Knowingly or not, you’re teaching people how to treat you. So if you’re feeling unhappy with how others are treating or even abusing you or how they’re neglecting you, you might need to do a self-assessment.
What does it mean to teach people how to treat you?
You might have heard a couple of times that you teach people how to treat you. It means teaching them what you can tolerate and what you cannot, a matter of acceptable and unacceptable.
However, you need to communicate this to others so that they know what you expect. In the process, you will also attract the kind of things and people that will not add drama in your life.
How you treat yourself is what you teach others
People can easily take advantage of or even abuse you if you don’t know and practise healthy boundaries–not resting, not taking care of yourself, and other unhealthy habits. Show them that you value yourself and that you’re ready to cut them from your life if they intervene and try to drain you.
Summing up, you should teach people how to treat you by starting with yourself. It’s a matter of how you believe in yourself–and that will be basically what you will receive from others.

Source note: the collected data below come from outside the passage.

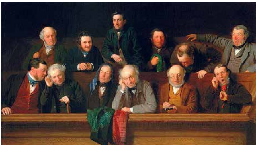
Морган Д. Присяжные. 1861. Музей округа Бакингемшир, Эйлсбери.

обоснованно громоздким и чрезмерно длительным. Кроме того, практика показала, что присяжные зачастую исполняют свои обязанности недобросовестно, или имеют предубеждения в отношении определенных категорий дел.
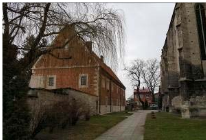
Il. 11. Widok na dom Długosza w Wiślicy obecnie. Fot. Autorzy, 2016.

Ill. 10. View of the House of Długosz in the 1960s. Photo: [in:] Archive of the Chair of History of Architecture, Urban Planning and Popular Art, Faculty of Architecture, Cracow University of Technology (further: KHAUiSzP WA PK), s.v.
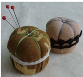
A)ミニミニ・ピンクッション(針刺し)
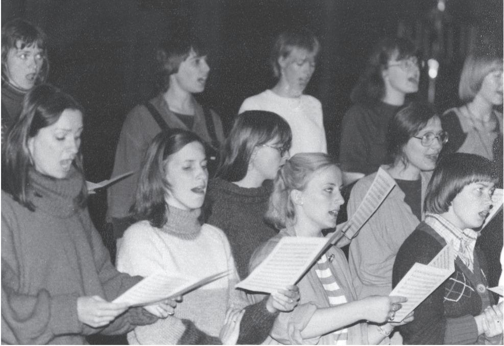
Het VU-Kamerkoor (1979)

Andriessen en Klaas de Vries. Al doende leerde ik wel goed van blad lezen en ging ik muziek steeds beter begrijpen. Dat waren dingen die ik dan weer meenam naar de selectie cursus op zaterdag en waarmee ik in positieve zin opviel, want er liepen heel wat aspirant-kleinkunststudenten rond die muzikaal niet erg onderlegd waren.
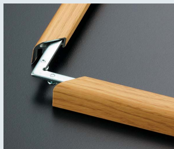
コーナーをLブロックで組み合わせ ドライバーでネジ締めします。
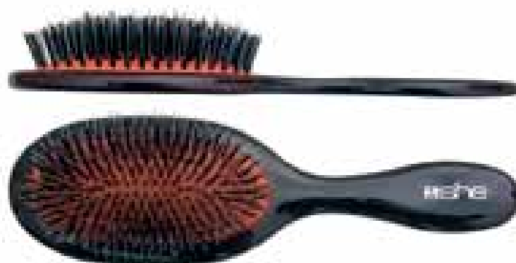
PBT 1981 Spazzola professionale ovale grande. Large oval cushion professional brush.

Start with self-awareness by answering the question, “How am I treating myself? Am I respecting and treating myself right? What do I think I deserve?”
What do you value?
All of us are defined by our life codes–the principles that matter to us. These can include reciprocity or loyalty.
Whatever your life codes are, find like-minded people who share the same values as you do. Be around these people to bring out the best in yourself.

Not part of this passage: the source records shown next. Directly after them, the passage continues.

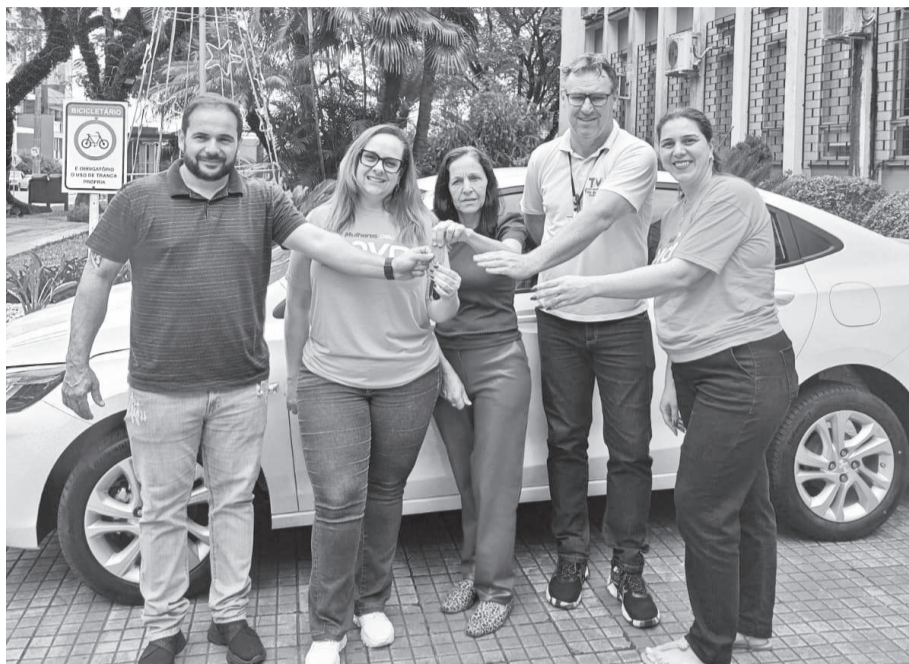
Veículo foi entregue na última terça-feira

Conforme informações do diretório municipal da sigla, o veículo custou R$ 127,8 mil, sendo R$ 27,8 mil como contrapartida do município de Três de Maio.
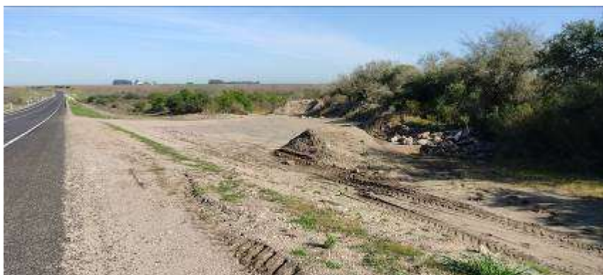
Foto 13.1-1 Vta 1 Acopios en faja Ruta 57
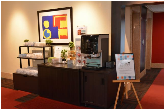
チサン ホテル 浜松町の「スマート・セレクトアメニティステーション」
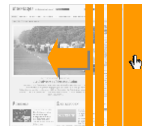
Expandable (auf Klick, für alle Standardwerbe- formen möglich)

*schematische Darstellung, die genaue Platzierung kann abweichen
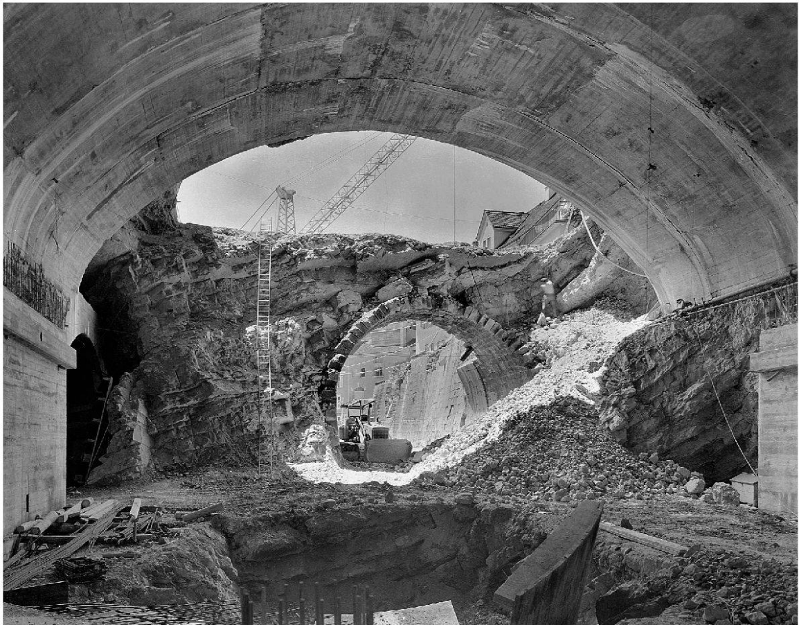
Bild 2: Werner Nefflen: Badener Verkehrssanierung 1963, Blick vom neuen Strassentunnel in den alten Bahntunnel (Sammlung Histo- risches Museum Baden, Q.01.11051D).
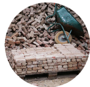
Bakstenen - Briques - Bricks Hergebruik - Réemploi - Reuse Franck
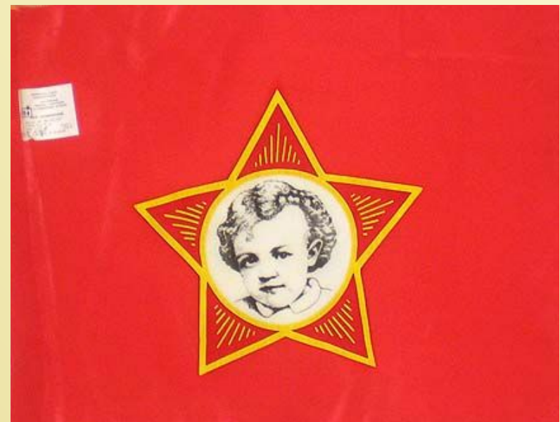
Флажок октябрятского отряда
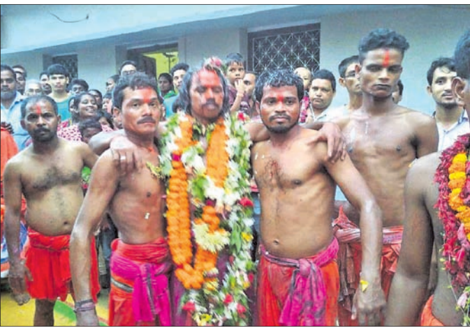
ଖଉଳ ପିଟା ବଳି ପରେ ଖଣ୍ଡେଶ୍ୱରୀ ମନ୍ଦିର ସମ୍ମୁଖରେ ବରୁଆ ଓ ସେବାୟତ ଦ୍ୱୟ (ଫାଇଲ ଫଟୋ)।

ସୋନପୁର, ୧୮୧୦ (ମୁଖ୍ୟମନ୍ତ୍ରୀ ଶତପଥୀ) ଅଷ୍ଟକୋଟି ଶ୍ରଦ୍ଧାଳୁଙ୍କୁ ସୁବର୍ଣ୍ଣପୁରରେ ଆଶ୍ୱିନ ଅମାବାସ୍ୟା ଗତ ୧୪ ତାରିଖରେ ଆରମ୍ଭ ହୋଇଥିବା ପ୍ରସିଦ୍ଧ ବଳିଯାତ୍ରା ୨୯ ତାରିଖ ପର୍ଯ୍ୟନ୍ତ ଚାଲିବ।
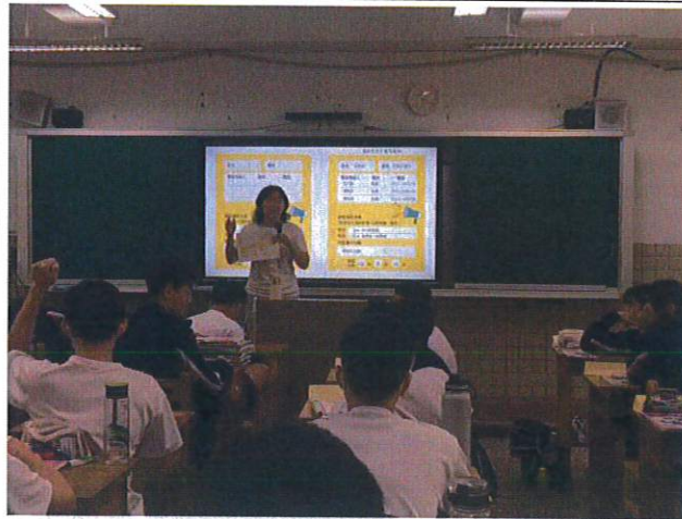
與家庭約定集合地點
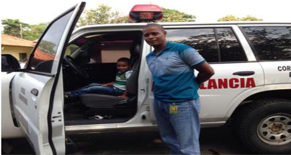
Ambulancia del Centro de Salud Palmas Bellas
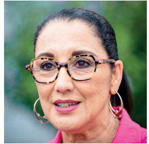
FADILA KHATTABI Ministre déléguée chargée des Personnes handicapées
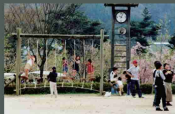
大野ダム公園 ③：緑地公園、多目的広場、桜、モミジ、紫陽花など、(お祭り、わんぱく、時計台、ふれあい)広場
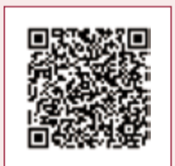
晉塔旋轉 360 度破除煞氣 QRcode

● 晉塔： 塔位的門是外分金，骨罐刻名的朝向是內分金。晉塔時將骨灰罐旋轉 360 度可以破除一切方位煞氣。
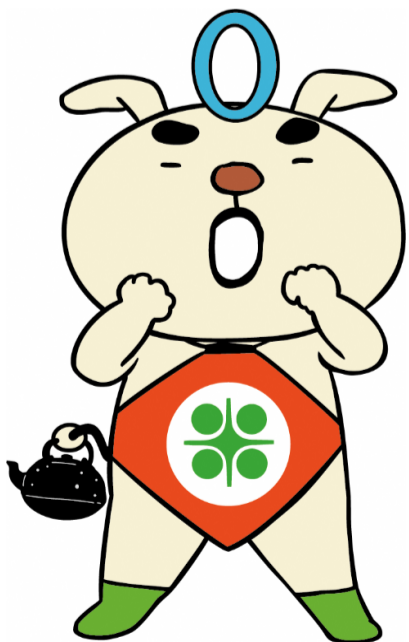
奥州市公式マスコットキャラクター 「おうしゅうたろう」
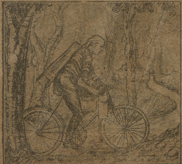
დასურათხატება მხატვ. ალ. ციმაკურიძისა.

თელავის მე წინად ხშირი სტუმარი ვეყოფილვარ: მიზიდავს მისი ცივი და კამკამა წყაროები, მიზიდავს ნახი, ფერ მიმკრთალი მისი ბუნება, მიზიდავს მეგობარი, რომელთანაც მუდამ ჩამოვხტები ხოლმე, — მეგობარს უამბობ ჩემ გულის დარდებს, — ის მანუგეშებს, მამნევენებს და მიაღერებს.
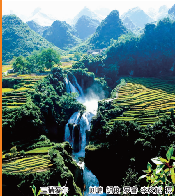
三腊瀑布
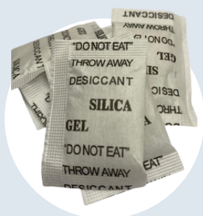
[0031] Silica gel 1gr
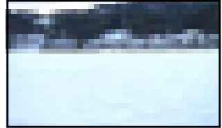
↓ 水たまりに張った氷
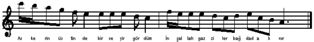
Şekil 4. Türki Berây-i Seferi Bağdad (Cevher, 2002: 372, Elçin, 1976: 94)

Askerin üstünde bir seyir gördüm Alioğlu duâ it Sultan Murâda İnşallah gâziler Bağdad alınır Bir günü bin eylesün hem ömrü ziyâde İmâm Â'zam türbesinin üstünde Şahına kuvvet eyle geldik Bağdâda Ezânlar okunur namaz kılınır Eksiklik kimdedir şimdi bilünür Kahraman beyleri askerin derer Kimi şehid olur murâda erer Osmanlı şahindir üstüne konar Şahin pençesine giren yolunur
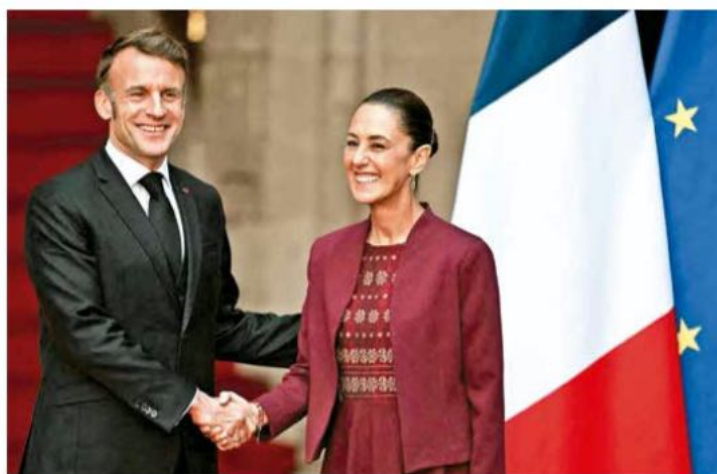
La presidenta Sheinbaum se reunió en Palacio Nacional con el mandatario francés, Emmanuel Macron.

EN SU REUNIÓN con la presidenta Sheinbaum, el mandatario galo anunció que 700 empresas mantendrán la creación de empleos en sectores clave, como el aeronáutico y ferroviario

What’s your take on conflict resolution?
Some people do not own their mistakes and do not apologise for them, and just simply walk away. These are immature, cowardly people. If you want people to behave responsibly around you, then be the bigger person. Accountability and taking responsibility is reflective of a person with a growth mindset and discipline.

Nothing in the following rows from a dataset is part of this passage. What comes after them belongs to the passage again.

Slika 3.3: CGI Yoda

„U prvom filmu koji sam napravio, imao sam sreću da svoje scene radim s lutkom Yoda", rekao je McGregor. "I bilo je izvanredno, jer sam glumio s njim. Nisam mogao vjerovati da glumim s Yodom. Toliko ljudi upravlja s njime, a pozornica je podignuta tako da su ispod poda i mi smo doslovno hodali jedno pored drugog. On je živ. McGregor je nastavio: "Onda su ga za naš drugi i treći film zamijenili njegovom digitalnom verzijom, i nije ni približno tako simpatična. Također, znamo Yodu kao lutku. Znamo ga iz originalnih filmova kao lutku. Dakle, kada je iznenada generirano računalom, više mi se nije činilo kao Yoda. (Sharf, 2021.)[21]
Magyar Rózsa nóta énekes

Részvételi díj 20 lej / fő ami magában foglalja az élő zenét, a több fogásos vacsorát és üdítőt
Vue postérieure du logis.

Conflicts can be uncomfortable to settle, but wise people know better than not to face the discomfort or embarrassment in trying to identify and talk about the issues and differences to resolve them. You can achieve a more peaceful personal life by surrounding yourself with people that maturely handle conflicts and avoiding those who add drama–those who leave you cleaning up the mess and then exit unapologetically.
Communicate your needs. Do not keep them.
Some people tolerate the abuse they receive from others because they’re scared or holding themselves back to communicate their needs. However, your silence teaches them that their actions are valid, which are not. You’re likely to have deeper wounds when you’re not voicing what you feel and what you need.
Take the time and courage to genuinely express how you feel and how you want to address it. For example, “I’m feeling sad and alone. Could you give me three minutes to talk it out?” Or, “I’m confused about this concept. Would you care to share your thoughts?”
Communication is more effective than silent, unvoiced desperation. Knowing your needs and expressing them clearly teaches people how to treat you, too.
Set an example for how you want to be treated
Be the person you want others to be.
The golden rule will never lose its universal, moral touch. Treat people how you want them to treat you.
If you want other people to listen to you genuinely, then be a great listener: pay attention to the person speaking, ask questions, and be empathetic. Imagine how you want you to be heard by others.
When it comes to behaviours, you must reinforce the kind of behaviour you want to get. For instance, showing constant acknowledgement and appreciation, even in subtle ways, to a person who has changed his or her behaviour for the better is a good example of behaviour reinforcement.
Tune into your thoughts and emotions. Practise self-respect.
Our cherished values and principles as a person are not without limitations. Never apologise for setting boundaries: teach people what you can and cannot tolerate to earn the respect of others.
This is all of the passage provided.